CALIFORNIA, U.S., May 6, 2014 (University of Southern California): In the lush, verdant hills of India, Bhagavan Kani rises from his bed. He spends a few serene moments gazing at the early morning sun as it crests the horizon, sipping water infused with a local spice leaf called tulsi. Kani eats a simple breakfast of raw vegetables and fruits. Barefoot, he sweeps the leaves from a dirt path in his garden and climbs steep stone steps to take a stroll through the hilly village. Later that day, he sits outside his coconut-leaf-thatched hut, recites tribal songs and talks to plants and animals.
It's a quiet existence that normally wouldn't garner much attention. But Murali Nair, a clinical professor at the USC School of Social Work, is fascinated for one simple reason -- the man is more than 100 years old. "People are definitely living longer," Nair said. "I'm not saying that medical advances have nothing to do with it, but there are other reasons. There must be something beyond their genes, maybe something we can document."
Through interviews and visits with dozens of centenarians around the world, Nair is exploring lifestyle factors that may influence health and promote longevity. He has identified 11 attributes shared by all his study subjects, regardless of their socioeconomic background. Nair is hopeful that his findings will bring legitimacy to practices that are often overlooked and sometimes scorned by the health care establishment, such as spiritual rituals, a positive outlook on life and various traditional healing practices.
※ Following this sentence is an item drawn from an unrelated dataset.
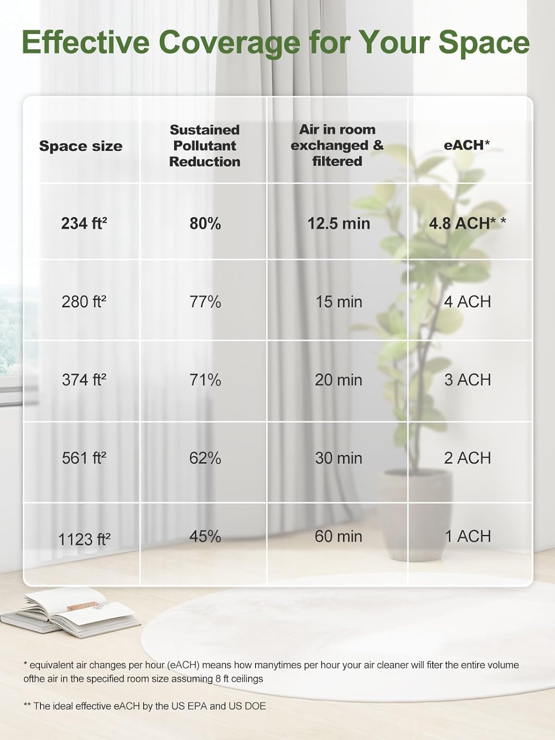 Powerful Purification for Large Rooms: Cleans spaces up to 1123 ft² in 1 hour, refreshing air efficiently for bedrooms, living rooms, and offices.

"They have a general air of optimism and positivity and try to instill that attitude in others around them," Nair said. "They engage in physical and mental activity on a daily basis, often cleaning, walking, gardening, cooking, reading, writing and memorizing passages of poetry, stories and life events. Learning never ends for them. They always hang around with people much younger than them. Even with a child, they find something to talk about."
Many of the centenarians he has met practice careful eating habits; most are vegetarians who consume fresh vegetables and fruits, spices and herbs in small but regular quantities. Physical and mental activities and practices such as bathing in cold water and watching the sunrise in the early morning are common.